Read trimming introduces several issues in the automation of data analysis. Trimming itself requires additional information from the user (e.g., the adaptor sequence). Trimming may not always uncover the correct sequence. After trimming a second read file is created, thus increasing disk space usage. Some mappers will not handle trimmed sequences of different lengths in one run. All this complicates the data analysis process. To circumvent these problems we developed a mapping procedure that directly aligns untrimmed reads to the reference. Our approach aligns reads to a non-coding RNA reference, while allowing for nucleotides extending over the 5' and 3' end of the reference. To allow this "linker tolerant" alignment, linkers of N's are added to both ends of the reference sequences. The mapping procedure ignores nucleotides overlapping with these N's for the alignment score calculation.

Mapping of long reads against short target seqences. A pre- and postfix of 200 N's is concatenated to every reference sequence.
When mapping a read to the reference, nucleotides that overlap with the N's are ignored for the scoring.

Given our set of non-coding RNA sequences, they are all concatenated with "buffer stretches" of 200 N's between any two reference sequences.

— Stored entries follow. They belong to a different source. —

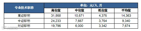 从专业技术职称看,高级职称工资指导价位平均值最高,为14363元/月,中级职称为9340元/月,初级职称为7674元/月,高级职称是初级职称的近2倍。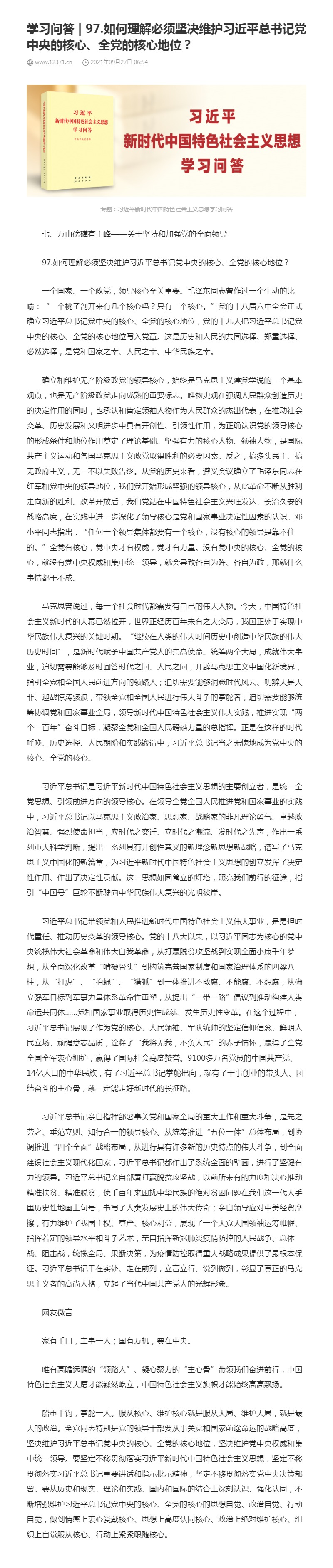 97.如何理解必须坚决维护习近平总书记党中央的核心、全党的核心地位?
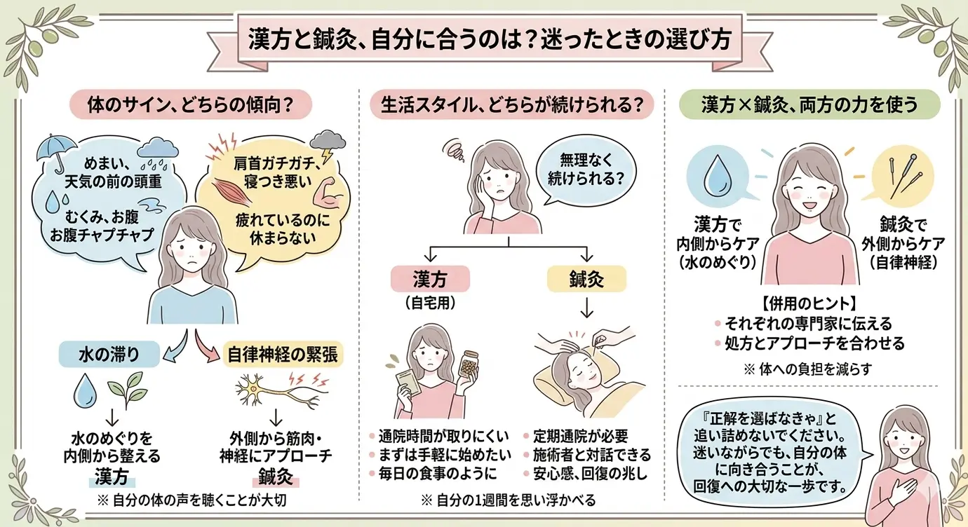 完璧な選択をする必要はありません。漢方を試してみて、合わなければ鍼灸に切り替えてもいい。両方を少しずつ取り入れてみてもいい。大切なのは「自分の体をやさしく丁寧に扱おう」と決めたこと。その気持ちこそが、回復の起点になります。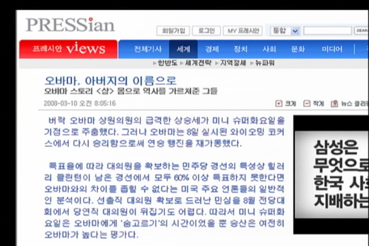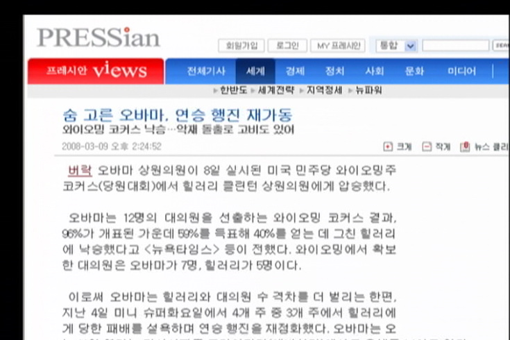 이꽃맘/ 네, 일단 프레시안이 그간 오바마에 대해 쓴 기사들의 제목만 살펴봐도 보도방향을 알 수 있는데요. 오바마가 지난 4일 미니 슈퍼 화요일이라고 불린 경선에서 힐러리에게 패배한 이후 와이오밍주에서 이긴 것에 대한 보도 제목이 ‘숨 고른 오바마 연승 행진 재가동’, 미니 슈퍼 화요일 직전에는 ‘오바마, 파죽의 10연승 떼 논 당상’이라고 제목을 뽑아 오바마의 승리를 확신하는 보도를 내보내기도 했습니다.

This provides one long reference sequence, which is used to generate the library. In the process, any sequence of N's is ignored when building the prefix tree. This means that any seed will be anchored within an original reference sequence. In the subsequent alignment/matching phase the read might overlap with stretches of N's, in this case mismatches between the read and an N will be ignored in the scoring of the alignment. In many cases the highly conserved non-coding RNAs may be annotated with different lengths for different organisms, e.g.

hsa-miR-26a: TTCAAGTAATCCAGGATAGGCT
mdo-miR-26: TTCAAGTAATCCAGGATAGGC

This situation will result in a multiple hit in the mapping. A subsequent processing step counts the total of unique and multiple hits and results in 10 files, one for each class of non-coding RNAs. The statistical significance in the subsequent comparative microRNA workflow is calculated only after the results have been filtered by taxon.

Special attention is being paid to the microRNA processing steps. From the mirBase database, short (about 22 bp) sequences for mature, processed microRNAs can be extracted as well as longer (about 80 bp) pre-miRNA hairpin sequences. In data preparation for the Genomatix non-coding library, the hairpin sequences are mapped not only against the genome of the organism in which they were detected originally, but also against every genome in the ElDorado database. If no original microRNA hairpin is annotated near the location of this "trans-mapped" hairpin, the sequence is also annotated for this organism. Therefore, hairpin microRNA matches may be found for one organism that originally (shown by their name) have been identified in another organism.

Example:

Homo sapiens miR-103b-1 stem-loop (MI0007261; length 63 bp) matches to 100% a sequence in the mitochondrial genome of Bos taurus. It will therefore appear in an analysis of hairpin microRNAs from Bos taurus, even though its name "hsa-miR-103b-1" points to its original identification in Homo sapiens. This "cross-mapping" strategy is only performed for the hairpin sequences of microRNAs.